Лагерь буквально кишит немецкими пленными, наверное, это сборный лагерь. Я, кажется, видел по дороге сюда большую церковь и теперь обращаю к небу молитву. И опять громко спрашиваю: «Где же Ты, Отец небесный? Как Ты такое допускаешь? Мы беззащитны, а люди вокруг нас ненавидят. Неужели Ты этого хотел? Чтобы мы страдали за чужие грехи?» Ведь то, что было, когда шли через город, это настоящий ад; там, наверное, не хуже.
Мы в лагере военнопленных, это уже не амбар и не школа. Нас оставят здесь? Мы здесь будем работать? У меня сжимается сердце, ведь это значит — каждый день шагать по улицам, где нас будут бить. Самое худшее, что только может быть, — тебя бьют, а ты не смеешь защищаться. Но здесь собраны тысячи и тысячи пленных, кто-то говорит, что сорок или пятьдесят тысяч. Нас ведут в огороженную колючей проволокой отдельную часть лагеря. Неподалеку от барака отпускают — вольно! Страх, перенесенный за последние часы, написан на наших лицах. Слава Богу, Ганди, Кони и я все еще вместе. Теперь можно передохнуть.

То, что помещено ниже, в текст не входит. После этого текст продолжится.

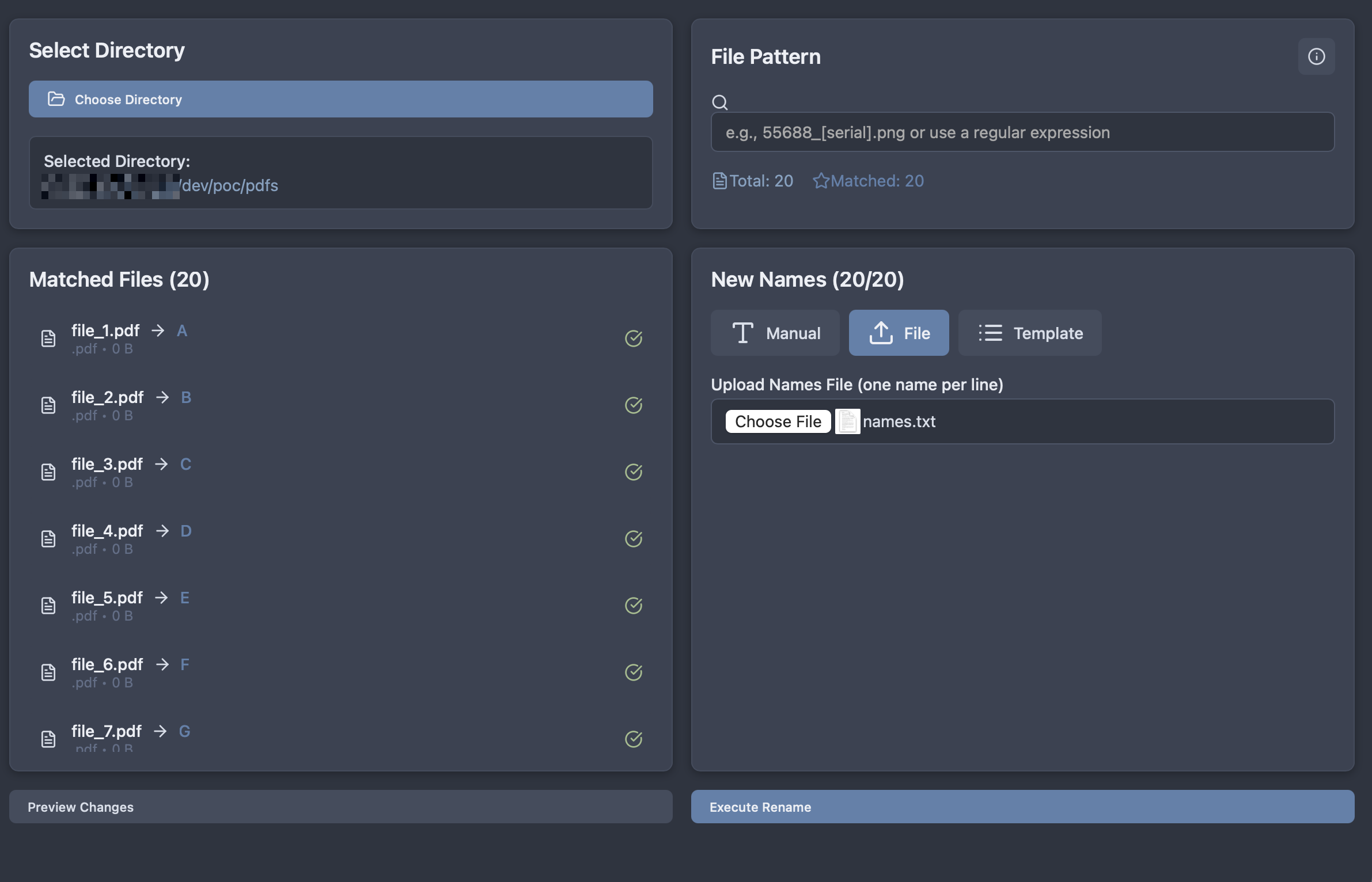 「有沒有辦法做一個簡單的程式,讓我選個資料夾、貼上新檔名列表,然後一鍵搞定?」他滿懷希望地問我。

После недолгого ожидания велят по десять человек заходить в барак. Он деревянный, метров 20 или 25 в длину, метров 10–12 по ширине. Несколько низких окон, очень светло. Есть даже скамьи. А за письменным столом сидят офицеры Красной Армии, и опять с ними женщина, наверное, врач. Конечно, это медкомиссия: нам велят раздеваться догола по десять человек, каждого осматривают, переводчик пишет протокол. Женщина-врач спрашивает, когда я родился. Отвечаю. «Ах, через два дня тебе будет уже семнадцать!» Значит, сегодня девятое марта. Осматривает меня, щупает там и тут, покачивает головой от вида моих ног, они совсем потрескались. О чем-то говорит с переводчиком, который записывает. А мы стоим голые. Слава Богу, здесь довольно тепло, мы уже отвыкли от этого. Она тщательно осматривает Ганди, зовет кого-то еще, и они вдвоем изучают рану на его плече. Повязкам на наших ранах уже не одна неделя, сдирать их ужасно больно, я впервые слышу, как Ганди кричит от боли.
А как хорошо в тепле! После стольких страхов и ужасов с нами впервые обращаются по-человечески, так мне, во всяком случае, кажется. Но выглядим мы ужасно. В чем только душа держится… Кто-то сел уже на пол, на снятую одежду. Я тоже сильно отощал, а вид Ганди меня просто пугает. Он всегда был тощий, а сейчас — просто скелет, обтянутый кожей, весь правый бок в засохшей крови. Сдерживаюсь, чтобы не взвыть.
Нас отправляют на другую сторону барака. Там русские медицинские сестры в военной форме и санитар обрабатывают наши раны какой-то жидкостью, чистят их. Ужасно жжет, слава Богу, недолго; потом мажут фиолетовой жидкостью, может быть это иод; тоже жжет, но не сильно. Нас по-настоящему перевязывают и велят одеваться. Белье наше от пота, грязи и нечистот стоит колом, замечаем и вшей. Я ищу у себя и не нахожу ни одной, может, я им не по вкусу? А что мне делать с ногами? Тряпки, которыми они были обмотаны, изорвались, удивительно, как это они продержались столько времени.
Медсестра наблюдает за моими попытками «обуться». Окликает меня, показывает — садись. А остальным уже велят выходить. Ганди хотел бы, конечно, остаться со мной, но его отсылают. Проходит немного времени, и сестра возвращается с парой башмаков в руках. Обувайся! Невероятно — она мне протягивает еще и пару русских портянок, совершенно новых! Как мне ее благодарить? Я пытаюсь выразить мою радость по-немецки, она отвечает: charascho, — a я не знаю, что это значит; догадываюсь только по ее приветливому лицу.